«возвращалась снова и снова к области его детства
(вот тоже не очень удачный оборот, замечу в скобках. — В.Е.)… Дошкольное, дошахматное детство, о котором он прежде никогда не думал, отстраняя его с легким содроганием, чтобы не найти в нем дремлющих ужасов, унизительных обид, оказывалось ныне удивительно безопасным местом, где можно было совершить приятные, не лишенные пронзительной прелести экскурсии».
«…Свет детства, —
продолжает Набоков, — непосредственно соединялся с нынешним светом, выливался в образ его невесты».
Именно в этом месте метаромана возникает мысль о том, что обретение потерянного рая возможно в любви, особенно если возлюбленных соединяет отношение к детству как к поре, «когда нюх души безошибочен». Вместе с тем «подлинное равноправие» существует между влюбленными только на уровне разговора о садах (воспоминания о садах, виденных в детстве); в иных случаях Она признает его превосходство, добровольно покоряется его гению и преклоняется:
«…Она чувствовала в нем призрак какой-то просвещенности, недостающей ей самой…»

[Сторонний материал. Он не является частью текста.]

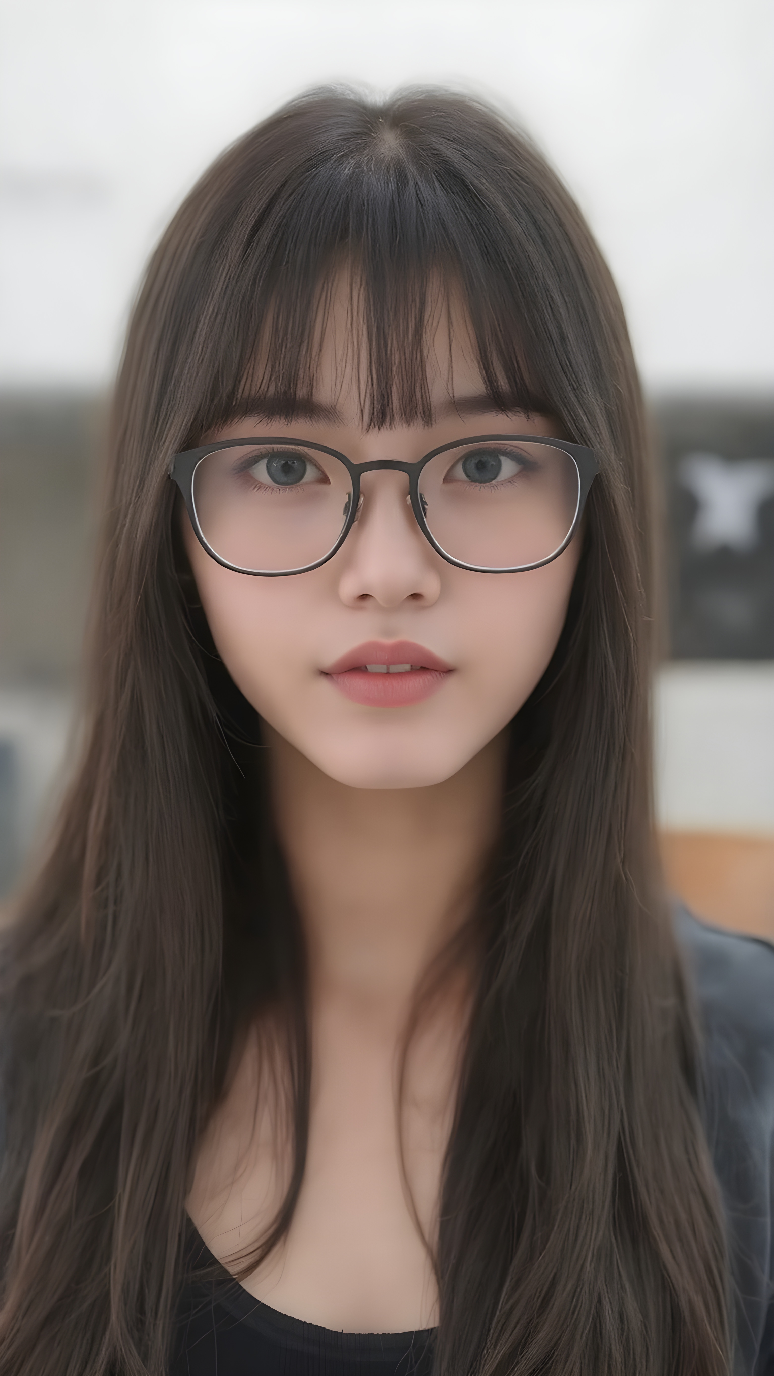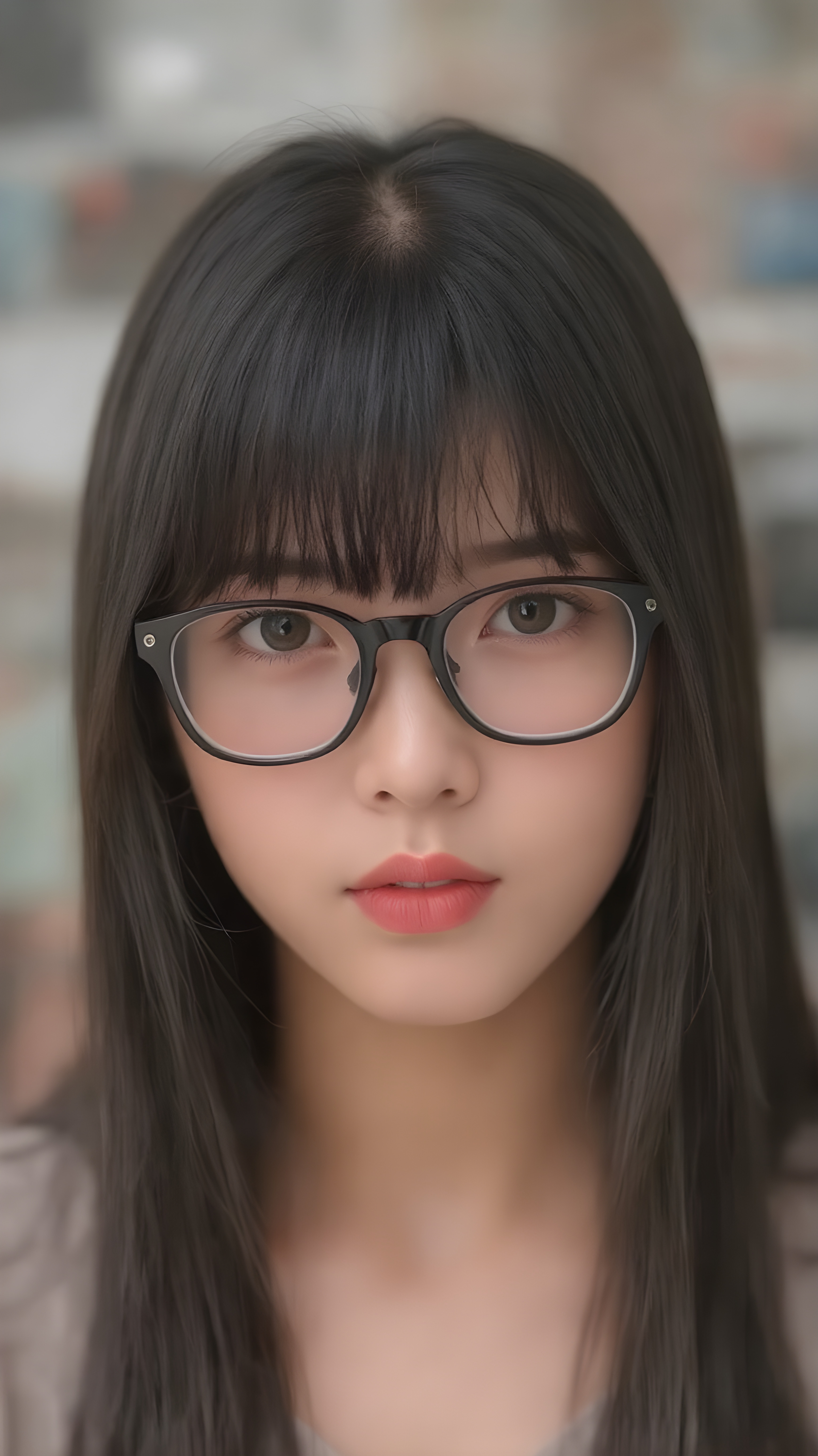 a (((super realistic full body image))) with intricate details and high quality that captures a (((beautiful young Japanese teen girl))), long straight black hair, bangs, black glasses, red lips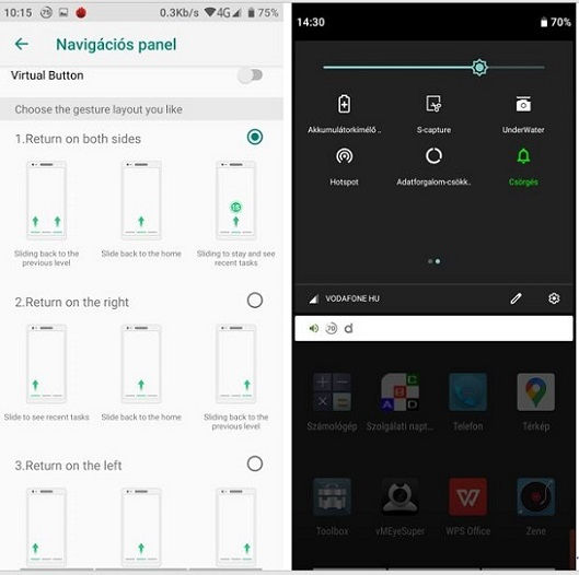 Külön említést érdemel a navigációs panel beállítása. Választhatunk a hagyományos virtuális gombok, vagy három féle gesztusvezérlés között, ami azért elég ritka és jó megoldás ebben a kategóriában.
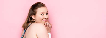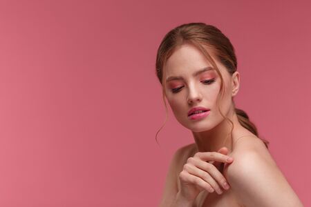 young woman with bare shoulders and makeup touching face isolated on pink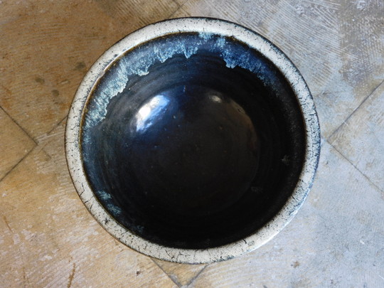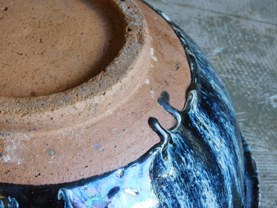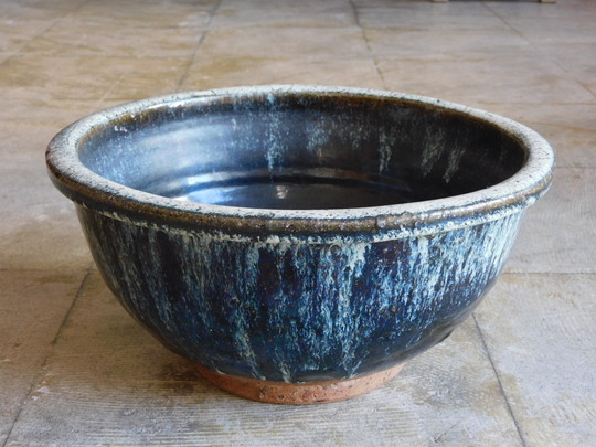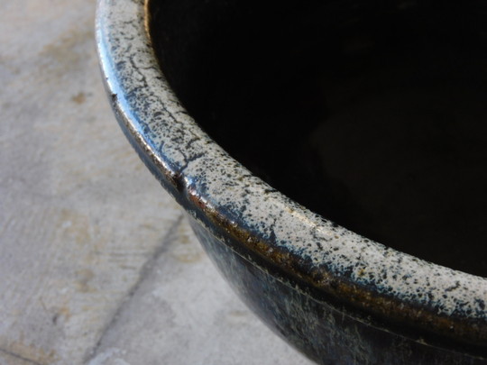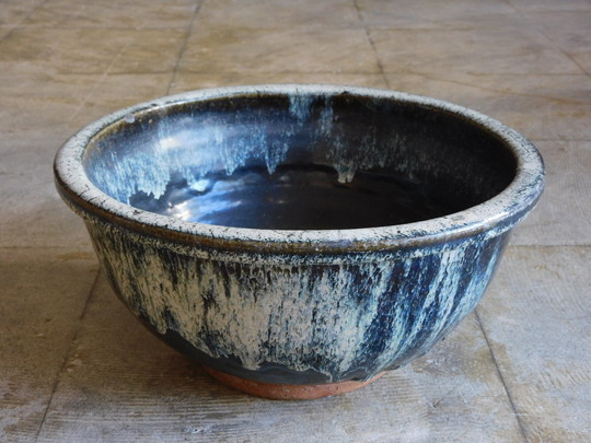 あつくぽってりとした釉薬。 独特の土肌に重厚感のある鉢です。

И тем не менее нормальная, даже счастливая семейная жизнь оказывается не для «я» героя мета-романа (продленность сюжета в семейную жизнь, перспектива семейного благополучия, намеченная в «Защите Лужина» как возможный вариант судьбы, не свойственны метароману в целом). И дело, конечно, не втом, что Она разочаровалась (он преспокойно заснул и прохрапел всю брачную ночь — опять-таки стандартное поведение гения, фатально делающего не то, —
детскость гения par excellence), а в том, что Лужина семейное счастье не удовлетворяло (все-таки замена рая семейным счастьем, в которое перерастает любовь, в набоковском метаромане оказывается недостаточной), а поскольку шахматы были запрещены, судьба сама навязала ему новую «партию», делая все, чтобы подтолкнуть его взяться за шахматы (эта тема ходов судьбы — одна из любимых набоковских тем («Весна в Фиальте» и многое др.) — в романе не может получиться достаточно достоверной и доказательной по причине жанра, ибо игру судьбы воспринимаешь как игру сюжета, так что Набокову нужно было ждать «Других берегов», чтобы по-настоящему прорваться к любимой теме и удовлетворить свою страсть). И тогда, протестуя против явного издевательства судьбы, Лужин кончает жизнь самоубийством.В злобных шалостях судьбы обезумевшего Лужина есть некий частный момент, уводящий от основной линии метаромана, однако ясно, что «я» его героя должно быть сильнее своей судьбы, и единственно, чем может Лужин утвердить свое «я» в момент насилия над собой, — это самоубийство.
Путь героя в «Подвиге» (1932) во многом близок пути его двойников, но здесь ослабление исключительности неоперившегося «я» значительным образом влияет на человеческую сущность героя. В этом романе мы имеем дело с новой разновидностью метароманного «я»; оно во многом куда привлекательнее своих двойников. Это роман о поисках «я» самого себя, наиболее человечный роман Набокова.
Герой ощущает свое избранничество, но здесь оно предоставлено ему прежде всего как части России:
«То, что он родом из далекой северной страны, давно приобрело оттенок обольстительной тайны. Вольным заморским гостем он разгуливал по бусурманским базарам, — все было очень занимательно и пестро, но где бы он ни бывал, ничто не могло в нем ослабить удивительное ощущение избранности. Таких слов, таких понятий и образов, какие создала Россия, не было в других странах, — и часто он доходил до косноязычия, до нервного смеха, пытаясь объяснить иноземцу, что такое „оскомина“ или „пошлость“. Ему льстила влюбленность англичан в Чехова, влюбленность немцев в Достоевского».